September 8 09:53:42: ISAKMP (2015): increment the count of errors on the node, try 2 of 5: retransmit the phase 2

September 8 09:53:42: ISAKMP (2015): increment the count of errors on his, try 2 of 5: retransmit the phase 2

September 8 09:53:42: ISAKMP: (2015): transmit phase 2 1635909437 CONF_XAUTH

September 8 09:53:42: ISAKMP: (2015): send package to [source] my_port 500 peer_port 500 (R) CONF_XAUTH

September 8 09:53:42: ISAKMP: (2015): sending a packet IPv4 IKE.
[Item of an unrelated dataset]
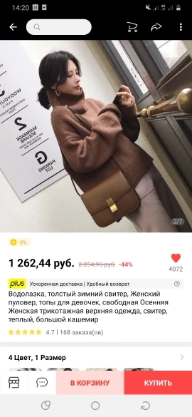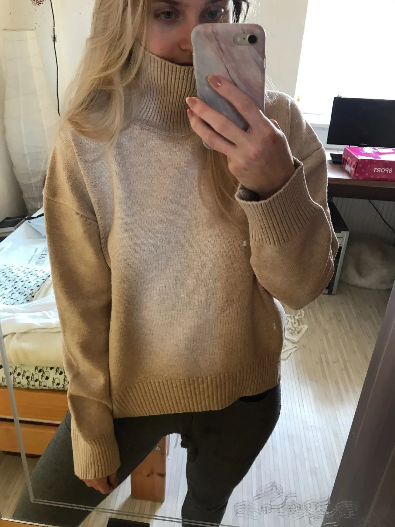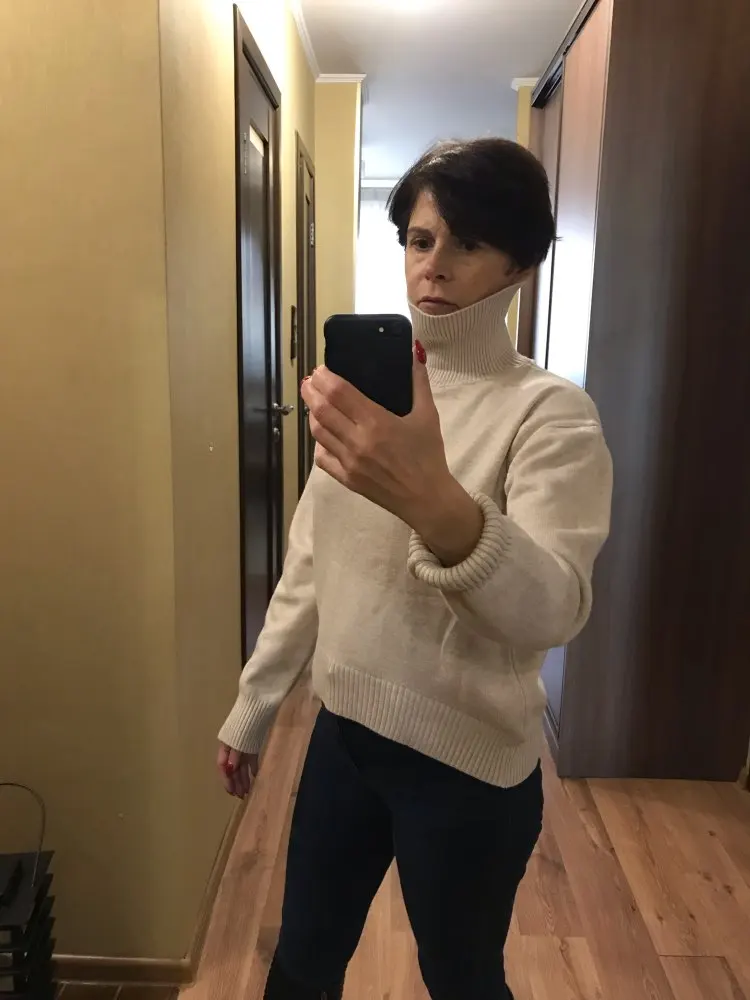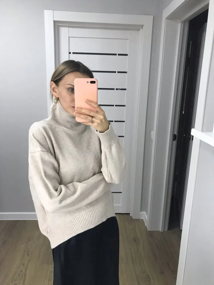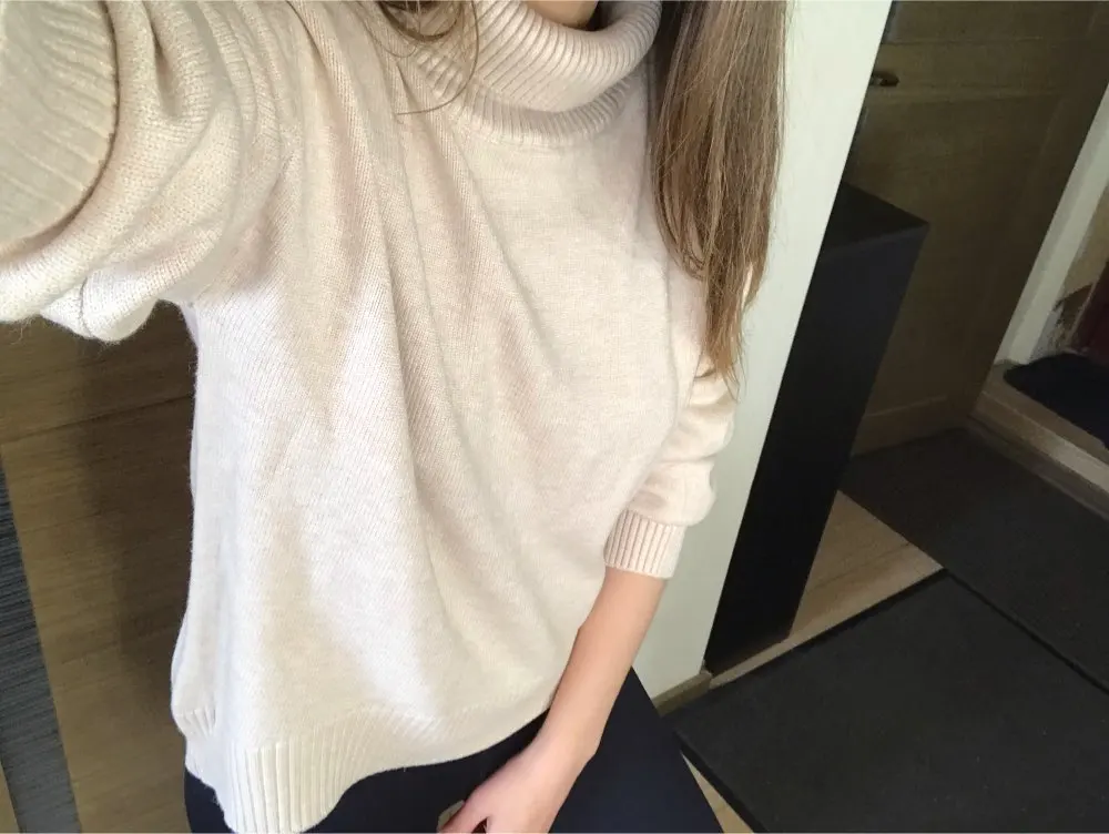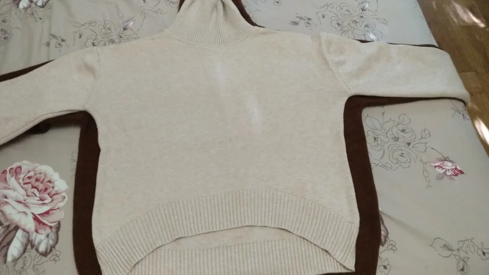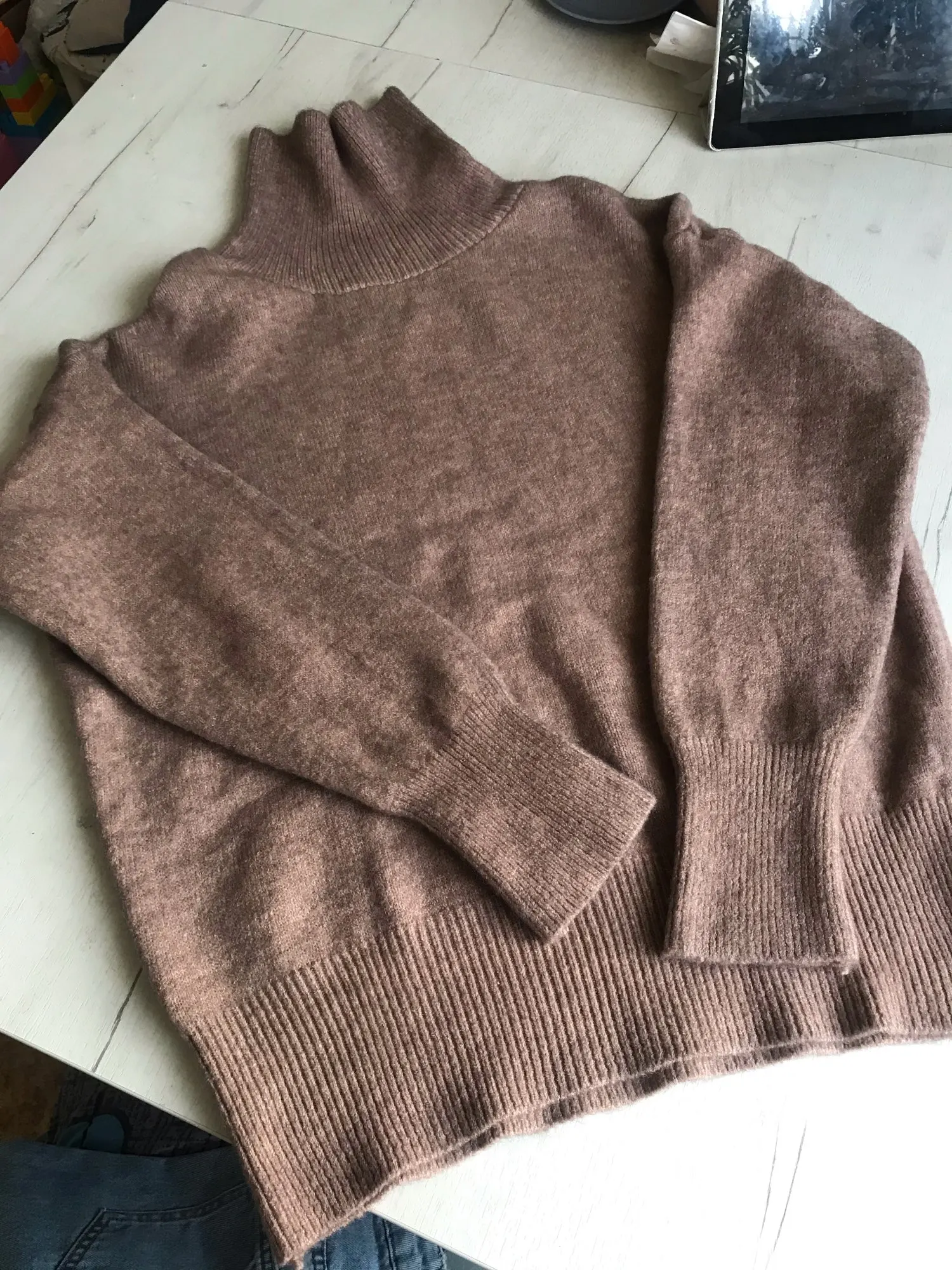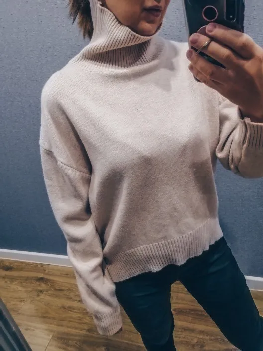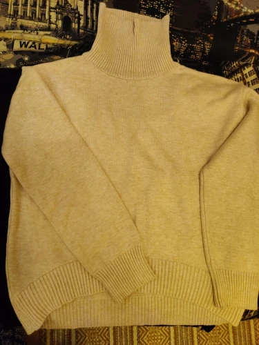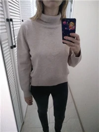 Стандартная история для алиэкспресс - сначала заказала в коричневом цвете и свитер супер - объемный ворот, плотная вязка, фасон как на фото. Решила заказать такой же чёрный. Не повторяйте моей ошибки)) ворот короче, вязка тоньше, свитер не такой объемный и вообще выглядит иначе

September 8 09:53:44: ISAKMP (2015): package receipt from [source] 500 Global 500 (R) sport dport CONF_XAUTH

September 8 09:53:44: ISAKMP: node set 2054552354 to CONF_XAUTH

September 8 09:53:44: ISAKMP: (2015): HASH payload processing. Message ID = 2054552354

September 8 09:53:44: ISAKMP: (2015): treatment of payload to DELETE. Message ID = 2054552354

September 8 09:53:44: ISAKMP: (2015): peer does not paranoid KeepAlive.

So, it seems that Phase 1 ends without XAUTH.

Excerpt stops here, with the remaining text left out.